Re: Getting IOCTL's into VFS File System Drivers

Alexander Viro (viro@math.psu.edu)
Sat, 13 Nov 1999 23:37:17 -0500 (EST)


On 13 Nov 1999, david parsons wrote:

> In article <linux.kernel.Pine.LNX.4.10.9911111758560.2217-100000@asdf.capslock.lan>,
> Mike A. Harris <mharris@meteng.on.ca> wrote:
>
> >Actually, from what I was just reading about Windows 2000,
> >Microsoft is adding a new innovative feature that they single
> >handedly came up with that allows you to "splice" a filesystem
> >onto a directory point.
>
> JOIN. It's at least 11 years old, and it's existed since MS-DOS
> 4.something.
3.something. And it required the mounpoint to be immediate
subdirectory of root. Due to the way they've stored the namespace state
the whole thing fscked up magnificiently if you tried to work with the
root of mounted fs via the old drive name.
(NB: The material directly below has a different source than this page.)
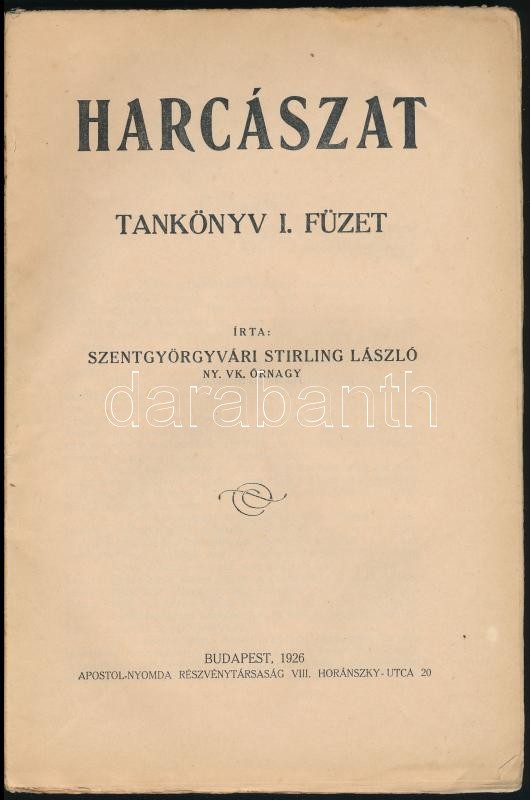 https://www.darabanth.com/en/404-Online-auction/404.0/Books/Books-Military~1000005/Szentgyorgyvari-Stirling-Laszlo-Harcasztat-tankonyv-I-Bp-1925-Apostol-ny-Kiadoi-papirk~II2496097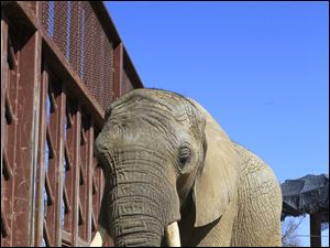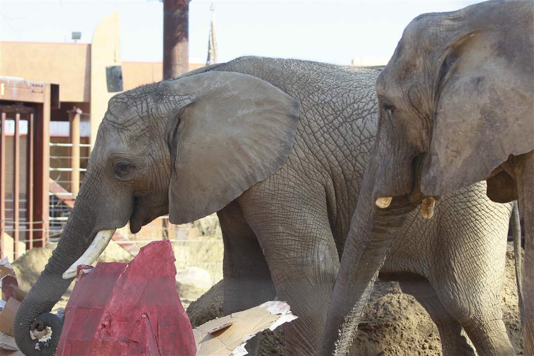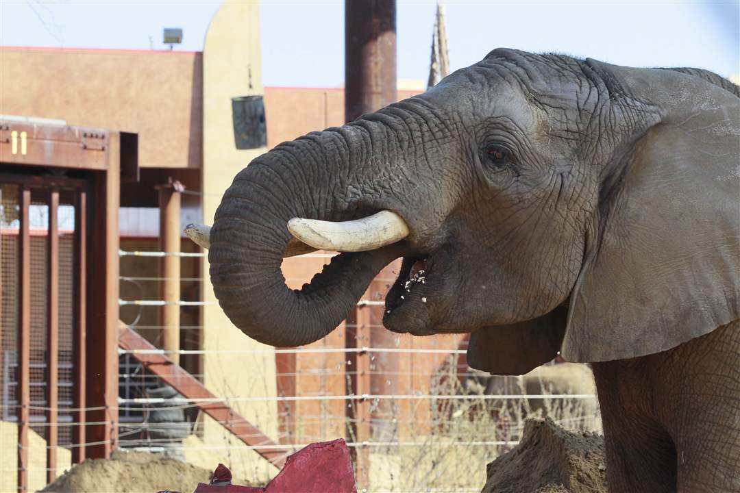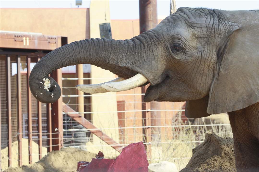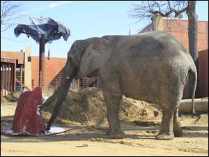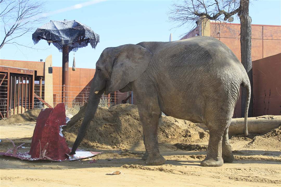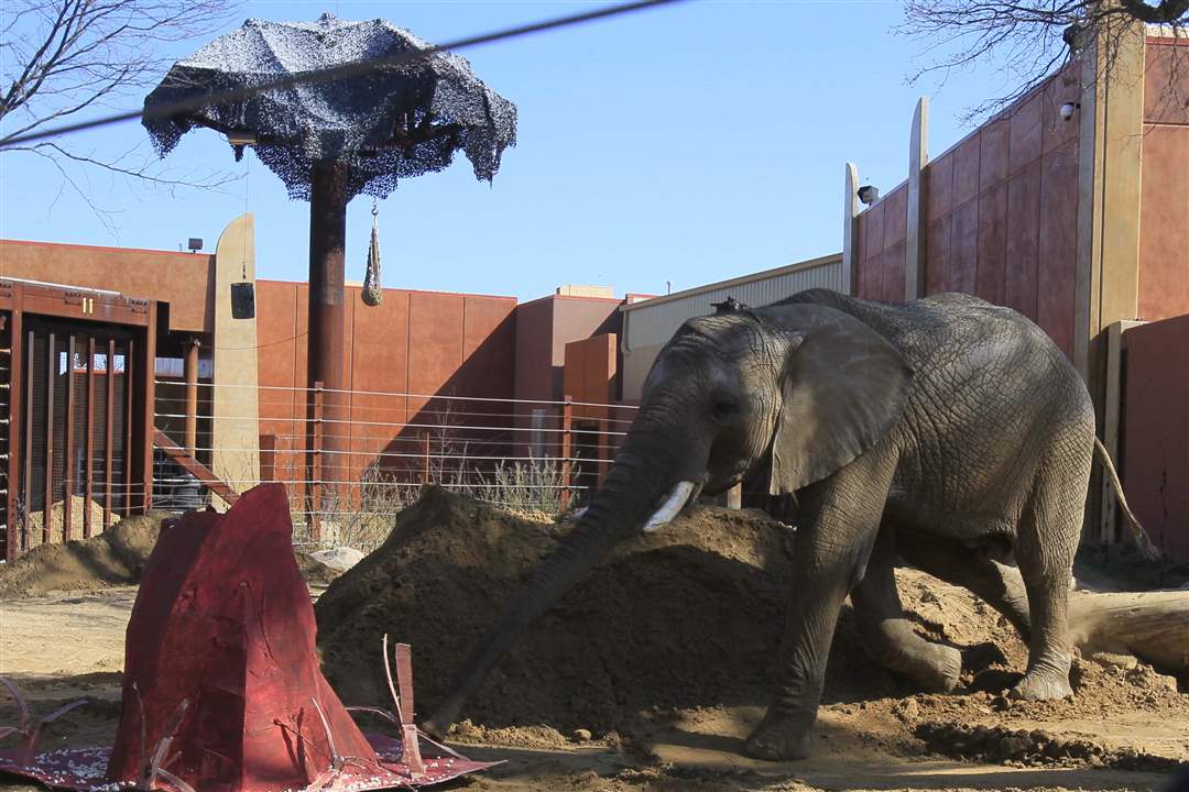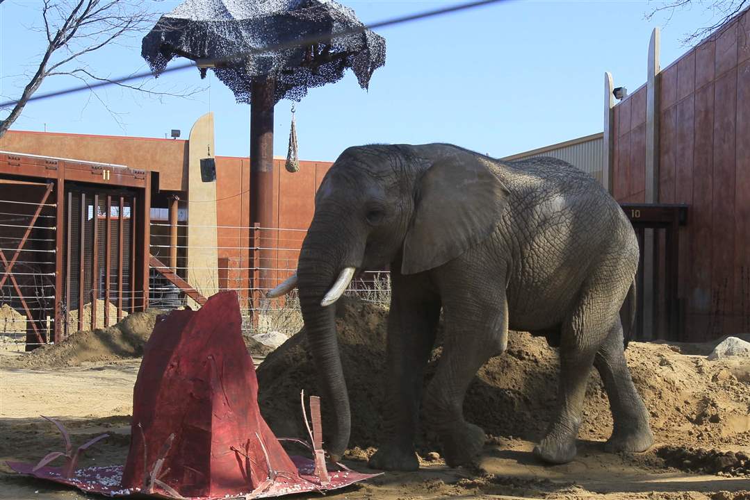 Twiggy, a female elephant given given to the Zoo by the U.S. Department of Agriculture after her former owner could no longer provide the care she needed, shares Louie's birthday cake.

SUBST was less b0rken, though.
And more useful, BTW - it gave weak equivalent of tilde-expansion. Mixing
them was Bad Idea(tm). I've looked at 3.30 kernel - scary and fascinating.
Obviously modeled after v7, but _what_ a mess had they slapped onto
the upper half for CP/M emulation... Scary. It almost looked like a small
subset of UNIX placed on a box with rather shitty IO and buried under the
heaploads of CP/M compatibility crap. They might start with CP/M clone,
but 3.x internals looked rather like a castrated and mutilated Xenix.

> It's almost exactly mount, though MS-DOS didn't have
> a procfs to nicely export the mount table.

/me notices the provocation.
/me recalls the US laws regarding the death threats.
/me says nothing and walks away.

> david parsons \bi/ Of course MS could have dropped it, then re-added it
> \/ recently as a New! Thing!

ISTR some claims that NT 3.5 had unified tree and foo:bar names didn't
even reach the kernel - translation happened in one of the shared libs.
If it's really so their stuff should actually remount filesystems.